7. A method for producing an animal in which a cognitive learning disorder exhibiting cerebral dysfunction is induced by overexpressing a leukemia inhibitory factor (Leukeimia Inhibitory Factor) gene in an animal embryo and forcibly expressing the leukemia inhibitory factor in the animal. .

8. Use of an animal created by the method of claim 7 as a model for cognitive learning disability.

9. The use according to claim 8, which is intended to evaluate the therapeutic potential of autism, schizophrenia or cognitive learning disorder mental illness.

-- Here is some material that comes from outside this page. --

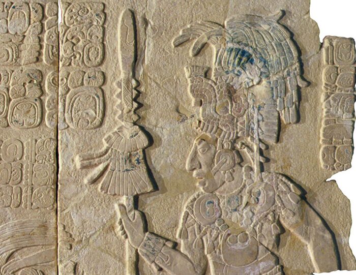It would be too easy to use Lady K'awiil Ajaw's PPE to illustrate this. So instead, here's a panel from Palenque, Mexico, showing the elaborate head-dresses associated with central American warrior-kings:
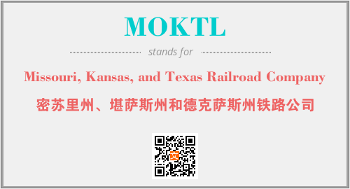 上述内容是“Missouri, Kansas, and Texas Railroad Company”作为“MOKTL”的缩写,解释为“密苏里州、堪萨斯州和德克萨斯州铁路公司”时的信息,以及英文缩略词MOKTL所代表的英文单词,其对应的中文拼音、详细解释以及在英文中的流行度和相关分类、应用领域及应用示例等。

10. A method for producing an animal that induces cognitive learning disorders exhibiting cerebral dysfunction by overexpressing the leukemia inhibitory factor (Leukeimia Inhibitory Factor) gene in postnatal animals and forcibly expressing the leukemia inhibitory factor in the animals. .

11. Use of an animal created by the method of claim 10 as a model for cognitive learning disability.

12. The use according to claim 11, wherein the use is intended to evaluate the therapeutic potential of autism, schizophrenia or cognitive learning impaired mental illness.